Monday, December 12, 2011

Newt Gingrich: The White Party’s Candidate?

Newt Gingrich is the most anti-white candidate in the GOP presidential field. In fact, he may be one of the most anti-white Republicans ever. It is true that 81 percent of the jobs Rick Perry says he brought to Texas went to newly arrived immigrants (93 percent of whom were illegals), and he says that denying in-state tuition to illegals is heartless, but Newt Gingrich makes the him look like Tom Tancredo by comparison.

In the 2010 midterm elections, nearly 90 percent of votes for Republicans were cast by whites. John McCain’s support was of an identical complexion. Writing for The New York Times, Thomas Edsall, like Steve Sailer and Pat Buchanan before him, has dubbed the GOP “The White Party.” But rather than consolidating his proven white base and welcoming white working class voters who are increasingly defecting to the GOP, Newt Gingrich seems determined to dispossess that base while mollycoddling groups that will never vote for his party in significant numbers.

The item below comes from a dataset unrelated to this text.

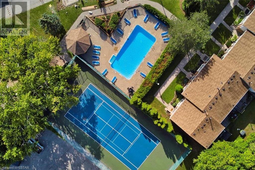 WOW! This is a great place to start. . . or downsize to! Build your own equity! You will love this complex that has so much to offer!! The location is awesome, the amenities -- pool, tennis court you normally find in more expensive condo complexes. Enjoy the village life of 'Beautiful Byron'. Walking distance to restaurants, shopping, library, groceries, banks & wonderful Springbank Park and Storeybook Gardens. Boler Mountain skiing is great for winter family fun! Golf is around the corner --- the other side of the river. Walking trails are throughout Byron. Great schools & so much more! Enjoy affordable living in the 2 bedroom unit with 1 1/2 baths. Primary bedroom has ensuite privilege's and great closet space. Spacious kitchen with door leading to fenced patio for relaxing BBQ'S. Rec Room in lower level is perfect for the big screen. Put your personal touches to this condo. You will enjoy living in this complex and village atmosphere. (id:22211)

Since Ronald Reagan’s second term, Mr. Gingrich has been a proponent of the “Opportunity Society” platform that encourages property ownership. This was the prototype for President George W. Bush’s “Ownership Society,” which, in practice, meant lower mortgage standards for minorities, with an eye to winning Hispanic support.

Mr. Gingrich’s pandering is not limited to Hispanics. In 1997, when J.C. Watts called Jesse Jackson and then D.C. mayor Marion Barry “race hustling poverty pimps,” then-Speaker Gingrich apologized to Mr. Jackson on behalf of Congressman Watts, and invited him to sit in the Speaker’s gallery with his (second) wife during the State of the Union speech. In 2009, Mr. Gingrich teamed up with Al Sharpton for a five-city education tour “aimed at bridging the achievement gap for minorities in schools.”

Presidential candidates are fond of saying “my record speaks for itself.” In the case of Newt Gingrich, this is certainly true, and whites would do well to study his record closely before pulling the lever next year.